Ok, i bought the Tempest that I mentioned in the last post for the body panals. But now I have another question regarding the differences in the suspention. The spring and shocks in my 67 goat could use to be replaced and the spings and shocks in the 67 Temest are in really good shape as far as I can tell. I'v tried to find them in a parts catalog but they only list them for the GTO and when I call to ask customer service no one is able to help, my local, well trusted and long time parts guy doesn't even know for sure. He "thinks" that all the "A" body suspention was the same but isn't sure.

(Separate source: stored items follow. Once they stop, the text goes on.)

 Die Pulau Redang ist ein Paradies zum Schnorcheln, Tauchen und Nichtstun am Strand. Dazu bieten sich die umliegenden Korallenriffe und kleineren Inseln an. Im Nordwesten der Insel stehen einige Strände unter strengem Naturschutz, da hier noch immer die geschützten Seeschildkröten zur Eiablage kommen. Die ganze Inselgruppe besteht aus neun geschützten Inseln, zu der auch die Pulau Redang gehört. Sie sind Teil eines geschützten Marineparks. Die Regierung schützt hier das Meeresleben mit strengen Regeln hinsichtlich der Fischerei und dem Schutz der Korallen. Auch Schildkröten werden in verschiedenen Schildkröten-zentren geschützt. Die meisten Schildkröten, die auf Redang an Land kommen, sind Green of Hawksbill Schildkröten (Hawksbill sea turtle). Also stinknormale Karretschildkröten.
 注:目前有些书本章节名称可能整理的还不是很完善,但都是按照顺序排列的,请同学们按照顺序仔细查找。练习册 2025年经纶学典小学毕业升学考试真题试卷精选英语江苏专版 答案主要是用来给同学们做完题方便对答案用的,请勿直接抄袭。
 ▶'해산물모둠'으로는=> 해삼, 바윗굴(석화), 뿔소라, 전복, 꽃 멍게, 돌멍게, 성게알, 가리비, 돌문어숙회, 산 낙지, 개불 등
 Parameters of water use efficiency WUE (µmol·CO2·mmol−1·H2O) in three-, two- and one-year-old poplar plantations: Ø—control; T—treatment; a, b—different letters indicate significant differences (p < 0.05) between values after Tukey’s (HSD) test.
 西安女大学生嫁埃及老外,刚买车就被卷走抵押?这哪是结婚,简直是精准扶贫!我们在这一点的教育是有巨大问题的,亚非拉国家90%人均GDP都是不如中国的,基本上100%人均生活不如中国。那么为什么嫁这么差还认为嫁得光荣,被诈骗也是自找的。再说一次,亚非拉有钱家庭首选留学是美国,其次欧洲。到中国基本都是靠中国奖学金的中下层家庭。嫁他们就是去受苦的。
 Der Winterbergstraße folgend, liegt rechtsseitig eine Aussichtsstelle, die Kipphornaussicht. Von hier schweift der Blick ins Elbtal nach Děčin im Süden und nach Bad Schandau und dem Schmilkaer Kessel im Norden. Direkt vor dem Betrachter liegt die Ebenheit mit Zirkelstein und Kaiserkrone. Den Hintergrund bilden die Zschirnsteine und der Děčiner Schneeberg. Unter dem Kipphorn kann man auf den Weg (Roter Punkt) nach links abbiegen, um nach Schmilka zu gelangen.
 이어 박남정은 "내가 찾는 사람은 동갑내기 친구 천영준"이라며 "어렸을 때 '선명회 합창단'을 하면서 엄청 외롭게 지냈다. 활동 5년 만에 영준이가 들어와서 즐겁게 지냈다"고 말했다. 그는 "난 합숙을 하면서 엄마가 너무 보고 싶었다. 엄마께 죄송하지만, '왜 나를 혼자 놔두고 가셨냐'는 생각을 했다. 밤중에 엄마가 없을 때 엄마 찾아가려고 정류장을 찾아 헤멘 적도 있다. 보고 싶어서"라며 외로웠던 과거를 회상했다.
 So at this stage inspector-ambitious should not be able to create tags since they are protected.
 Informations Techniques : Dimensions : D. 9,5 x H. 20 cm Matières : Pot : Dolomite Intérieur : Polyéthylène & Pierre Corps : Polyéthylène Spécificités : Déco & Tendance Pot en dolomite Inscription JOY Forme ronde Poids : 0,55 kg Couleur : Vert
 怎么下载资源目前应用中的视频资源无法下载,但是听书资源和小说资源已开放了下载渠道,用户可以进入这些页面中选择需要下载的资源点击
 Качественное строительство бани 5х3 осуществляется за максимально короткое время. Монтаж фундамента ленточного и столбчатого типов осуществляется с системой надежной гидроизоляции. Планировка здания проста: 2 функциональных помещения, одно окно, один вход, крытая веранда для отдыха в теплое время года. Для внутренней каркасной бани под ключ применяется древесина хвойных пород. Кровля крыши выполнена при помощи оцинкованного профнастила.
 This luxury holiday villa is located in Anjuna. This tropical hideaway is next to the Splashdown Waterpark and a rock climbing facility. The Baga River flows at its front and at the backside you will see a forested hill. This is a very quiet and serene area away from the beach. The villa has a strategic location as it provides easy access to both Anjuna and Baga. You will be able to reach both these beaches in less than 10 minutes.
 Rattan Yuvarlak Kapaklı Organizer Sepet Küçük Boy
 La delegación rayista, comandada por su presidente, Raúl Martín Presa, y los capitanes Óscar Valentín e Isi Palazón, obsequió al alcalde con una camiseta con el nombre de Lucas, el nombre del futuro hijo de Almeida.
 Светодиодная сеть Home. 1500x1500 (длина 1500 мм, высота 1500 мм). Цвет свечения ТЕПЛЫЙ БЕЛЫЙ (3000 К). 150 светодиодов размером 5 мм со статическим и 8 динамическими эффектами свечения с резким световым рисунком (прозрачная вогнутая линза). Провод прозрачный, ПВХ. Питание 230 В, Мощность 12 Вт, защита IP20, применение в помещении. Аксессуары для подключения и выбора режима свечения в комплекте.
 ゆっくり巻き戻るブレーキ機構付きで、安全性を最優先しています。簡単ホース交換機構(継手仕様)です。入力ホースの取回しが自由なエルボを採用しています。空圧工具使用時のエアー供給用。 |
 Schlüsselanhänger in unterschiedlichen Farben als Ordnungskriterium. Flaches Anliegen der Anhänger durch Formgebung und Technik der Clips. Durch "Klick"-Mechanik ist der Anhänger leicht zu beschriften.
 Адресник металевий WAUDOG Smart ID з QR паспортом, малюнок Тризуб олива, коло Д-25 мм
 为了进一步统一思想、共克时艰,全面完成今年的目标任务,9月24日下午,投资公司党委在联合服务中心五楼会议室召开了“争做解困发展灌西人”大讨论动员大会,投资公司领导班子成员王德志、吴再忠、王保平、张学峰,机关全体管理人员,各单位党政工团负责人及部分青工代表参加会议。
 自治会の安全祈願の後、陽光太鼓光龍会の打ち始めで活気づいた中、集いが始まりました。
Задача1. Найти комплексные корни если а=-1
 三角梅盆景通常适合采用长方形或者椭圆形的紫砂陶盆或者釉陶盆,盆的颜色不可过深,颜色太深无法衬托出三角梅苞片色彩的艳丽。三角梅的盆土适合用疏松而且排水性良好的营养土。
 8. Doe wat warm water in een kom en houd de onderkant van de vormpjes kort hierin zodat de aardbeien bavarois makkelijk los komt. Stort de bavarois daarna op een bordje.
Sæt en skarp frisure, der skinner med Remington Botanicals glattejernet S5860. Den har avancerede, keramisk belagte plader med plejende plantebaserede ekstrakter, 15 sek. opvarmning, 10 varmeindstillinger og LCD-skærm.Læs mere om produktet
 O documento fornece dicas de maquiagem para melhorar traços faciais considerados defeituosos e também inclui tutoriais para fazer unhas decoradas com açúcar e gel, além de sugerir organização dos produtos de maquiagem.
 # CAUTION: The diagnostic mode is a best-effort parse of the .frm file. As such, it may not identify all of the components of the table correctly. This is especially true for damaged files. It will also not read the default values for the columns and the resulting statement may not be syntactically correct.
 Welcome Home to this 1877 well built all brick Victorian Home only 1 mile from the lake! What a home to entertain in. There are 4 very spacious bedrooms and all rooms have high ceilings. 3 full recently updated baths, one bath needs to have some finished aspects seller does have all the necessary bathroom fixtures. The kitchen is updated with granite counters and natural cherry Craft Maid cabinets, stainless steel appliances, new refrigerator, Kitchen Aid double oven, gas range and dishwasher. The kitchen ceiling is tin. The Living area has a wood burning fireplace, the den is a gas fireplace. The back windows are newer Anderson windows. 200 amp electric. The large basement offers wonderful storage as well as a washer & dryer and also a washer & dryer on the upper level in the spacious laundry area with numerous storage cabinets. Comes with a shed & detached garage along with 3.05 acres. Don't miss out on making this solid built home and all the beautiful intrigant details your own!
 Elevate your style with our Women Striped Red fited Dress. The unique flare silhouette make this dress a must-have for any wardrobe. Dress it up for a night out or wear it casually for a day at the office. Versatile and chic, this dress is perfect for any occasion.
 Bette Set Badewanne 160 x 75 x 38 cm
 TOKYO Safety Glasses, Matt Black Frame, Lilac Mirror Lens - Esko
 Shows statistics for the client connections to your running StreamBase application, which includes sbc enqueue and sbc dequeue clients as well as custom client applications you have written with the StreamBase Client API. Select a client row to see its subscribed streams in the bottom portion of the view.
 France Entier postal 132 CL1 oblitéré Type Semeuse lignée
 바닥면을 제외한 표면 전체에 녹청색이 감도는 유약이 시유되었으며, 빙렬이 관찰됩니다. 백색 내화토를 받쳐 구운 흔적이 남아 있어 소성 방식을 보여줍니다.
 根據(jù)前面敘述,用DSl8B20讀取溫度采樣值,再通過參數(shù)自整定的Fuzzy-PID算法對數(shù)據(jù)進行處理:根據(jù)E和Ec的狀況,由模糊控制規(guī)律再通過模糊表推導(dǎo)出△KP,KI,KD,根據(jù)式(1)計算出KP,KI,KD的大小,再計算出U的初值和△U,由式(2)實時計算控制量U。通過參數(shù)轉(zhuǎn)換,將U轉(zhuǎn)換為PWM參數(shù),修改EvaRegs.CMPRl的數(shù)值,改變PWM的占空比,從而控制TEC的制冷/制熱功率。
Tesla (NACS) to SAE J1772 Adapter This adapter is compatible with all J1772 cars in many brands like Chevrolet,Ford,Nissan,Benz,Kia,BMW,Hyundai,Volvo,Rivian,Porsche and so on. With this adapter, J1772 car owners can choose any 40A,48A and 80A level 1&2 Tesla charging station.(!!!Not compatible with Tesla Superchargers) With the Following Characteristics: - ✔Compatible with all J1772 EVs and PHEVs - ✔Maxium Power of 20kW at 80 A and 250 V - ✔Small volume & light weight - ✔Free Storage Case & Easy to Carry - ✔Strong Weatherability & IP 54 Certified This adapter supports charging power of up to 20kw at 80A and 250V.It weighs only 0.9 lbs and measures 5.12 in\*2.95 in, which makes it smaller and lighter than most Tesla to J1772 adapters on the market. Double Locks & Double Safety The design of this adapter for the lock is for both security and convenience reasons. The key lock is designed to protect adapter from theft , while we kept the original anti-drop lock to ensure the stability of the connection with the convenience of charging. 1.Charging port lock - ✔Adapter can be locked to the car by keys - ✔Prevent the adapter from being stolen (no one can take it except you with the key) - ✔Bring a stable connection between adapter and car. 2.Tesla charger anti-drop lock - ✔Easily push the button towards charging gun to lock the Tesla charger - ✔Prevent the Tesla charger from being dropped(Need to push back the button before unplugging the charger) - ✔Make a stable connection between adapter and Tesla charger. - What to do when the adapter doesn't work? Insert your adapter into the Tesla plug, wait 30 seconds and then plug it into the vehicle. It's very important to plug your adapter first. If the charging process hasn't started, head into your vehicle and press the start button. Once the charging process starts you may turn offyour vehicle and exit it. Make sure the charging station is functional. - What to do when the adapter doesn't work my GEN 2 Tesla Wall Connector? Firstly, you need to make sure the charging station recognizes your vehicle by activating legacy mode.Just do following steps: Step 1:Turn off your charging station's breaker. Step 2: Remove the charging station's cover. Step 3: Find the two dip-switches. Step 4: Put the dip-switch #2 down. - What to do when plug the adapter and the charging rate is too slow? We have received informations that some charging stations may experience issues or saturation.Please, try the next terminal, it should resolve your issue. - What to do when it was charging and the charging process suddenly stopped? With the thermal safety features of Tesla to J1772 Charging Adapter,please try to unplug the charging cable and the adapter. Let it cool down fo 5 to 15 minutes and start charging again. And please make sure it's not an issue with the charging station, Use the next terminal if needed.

So I figured I would ask the experts here. So my question is there any differences in the springs and shocks between the two cars? Does the wieght and engine size have anything to do with it? The GTO has the 400 of course and the Tempest has a 326, so the front end wieght can't be thet far off. Any help would be most appreciated. Just trying to save money anywhere I can.

Aaron


----------



## lars (Sep 28, 2004)

All GM A-Body suspension parts fully interchange, but spring rates were different for different models, options, engines and A/C versus non-A/C. The factory assembly manual shows all the various spring configurations that were available. You can interchange springs between Tempest and GTO with no problem - the GTO had a slightly higher spring rate but the same ride height.


----------



## 05GTO (Oct 6, 2004)

The spring rates on the 67 pontiac a-bodies are;

Front springs;
Tempest and Lemans 6 cylinder = 225
Tempest and Lemans w/326 = 275
GTO = 305

Rear springs;
Tempest and Lemans = 106
GTO= 122

GTO Dry weight = 3430 lbs.
Lemans/Tempest Dry weight = 3,140
with a 326 + 181 lbs.
with A/C + 124 lbs.
with P/S + 28 lbs
with P/B + 10 lbs
with P/windows + 21 lbs
Turbo hydro-matic tranny + 50lbs (GTO)

If the Tempest was fully optioned with a 326 and the GTO had no options I don't think it would be a problem to use the tempest springs on the goat.


----------